1939 Schwinn BC, second picture is after cleaning the housepaint off, still need to do the fenders and wheels



1940 Mead Ranger also covered in housepaint, but decent original paint is underneath, still in project phase. Was super happy to get this as it was a bit of a dream bike and it came from the original owners estate



Green on Green 1941 Schwinn Autocycle, also came from the original owners estate and in project phase


1948 Dx in very nice as found condition also from the original owner! Almost done with this one, just need to clean up the rims and it’ll be back on the road


1936 Schwinn cmodel green on green that’ll be built back up in 2021 hopefully



My dad bought a 60’s Varsity frameset



My dad also found this 41 Elgin locally in pieces, his new favorite rider



Those were the only keepers but these were the all ones I found, all were fresh finds except the 36 motorbike, and hawthorne and all found great homes on the cabe!





























































Ok I think thats it, happy holidays everyone and stay safe!


----------



## hzqw2l (Dec 20, 2020)

After being out of the hobby for more than 5 years I got back in with these.


----------



## saladshooter (Dec 21, 2020)

1936 Colson LWB DB




1937 Chrome Master




1940 Chrome Master




1940 Shelby Model 52+




1938 Motor Master




1936 Colson Commander




The Motor Master and Commander deals commenced on the same day from different sources. Great bike day.
Chad


----------



## Rust_Trader (Dec 21, 2020)

A bunch but these are my favorite of 2020


----------



## Sonic_scout (Dec 21, 2020)

Yall have the midas touch or somthin. Beautiful finds!


----------



## kunzog (Dec 21, 2020)

Raleigh Chopper, two Raleigh Twentys, two Raleigh RSW 16's, Raleigh Tomahawk, VW Trike


----------



## fordmike65 (Dec 21, 2020)

We ran outta room about 5 bikes ago, so we took it easy this year...or so I thought til I tallied them all up 

























There's one more on the way, but I don't wanna jinx myself by posting it up until it arrives.


----------



## 1817cent (Dec 21, 2020)

I was fortunate enough to get 2 Aerocycles, a 36 Autocycle and a 39 Autocycle (that bobcycles is restoring).


----------



## dnc1 (Dec 21, 2020)

Freqman1 said:


> Well 2020 will no doubt go down as a crappy year for most for a whole lot of reasons. Every year I tell myself to get some projects done before I buy anymore bikes--never works! This year I added 10 bikes (that I kept). Of course there were wagons and tricycles as well as a whole bunch of parts! Let's see what 2020 brought you. Here are mine:
> 
> 1987 Hetchins Magnum Opus
> View attachment 1323546
> ...



That is an amazing, and diverse haul. Fantastic!

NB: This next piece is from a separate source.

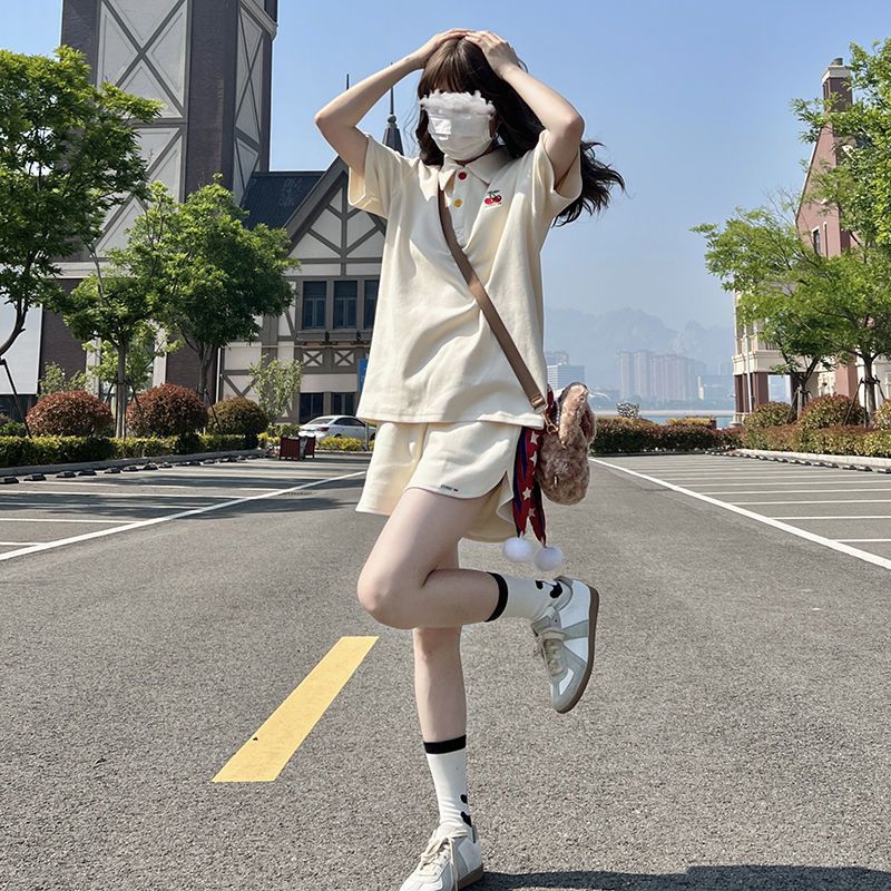 | nameOriginal | Student girl polo shirt sportswear suit women's summer college style casual loose short sleeve shorts two-piece suit |
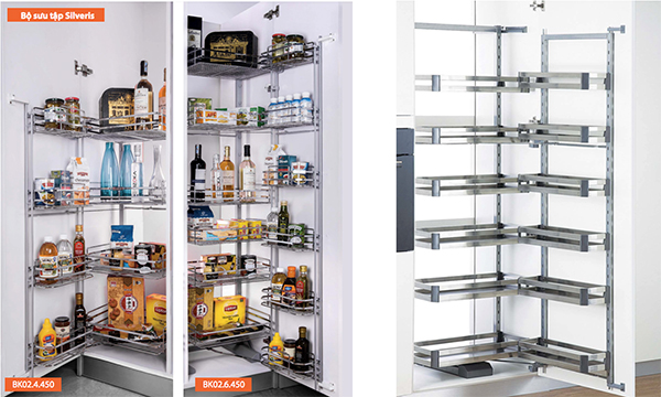 Phụ kiện góc tủ bếp với hệ thống ray trượt, kéo thông minh nên dễ dàng sử dụng và tận dụng tối đa không gian góc chết của tủ bếp dưới.

I have added a 1907 Peugeot 'Luxe', a 1930s Ciclos Minaco, an 1898 Quadrant shaft drive and a prototype Contini time trial bicycle; these are all projects, but all slowly progressing. 
The only complete machine I have to share from what has been a very difficult year personally is this one. 
My UCI banned 'Razesa' lo-pro track bike from Spain,  one of two built.....




Comfortable it ain't,  gorgeous it is (in my eyes anyway).


----------



## New Mexico Brant (Dec 21, 2020)

A yet to be revealed 1896 Schwinn "The World" racing tandem.






photo credits: Dave Stromberger @Dave Stromberger: Sears Chief
Colin Kirsch @Wing Your Heel : Columbia WW1 Military Model.


----------



## PLERR (Dec 21, 2020)

Yep, not a good year for a lot of things, but I did okay with the bikes, we moved to a new home in the country, and we're all still healthy. All of my collections run the gamut and the bikes are no different. It was an eclectic haul this year.

Vintage 20s: 1950 Mercury G-41 and a 1963(?) AMF Roadmaster Satellite.








Muscle bikes: Scored a pair of 1966 AMF Renegades. The gold one is destined to be an Esso Tiger. Also found a 1966 Foremost Swinger in burnt orange.











24s: A 1967 Mercury II Fleetwing and a 1971 Schwinn Hollywood in violet.








Lightweights: 1971 Schwinn Breeze.





Middleweights: 1958 Evans-Colson Sonic Scout, 1959(?) Ross Super Deluxe, 1962 Schwinn Tiger (2spd). All three came from the original owners.











Ballooners!: My first balloon tire bike, a 1948 Monark Super Deluxe, and a 1953 Trojan Super. The Monark is an original owner bike too.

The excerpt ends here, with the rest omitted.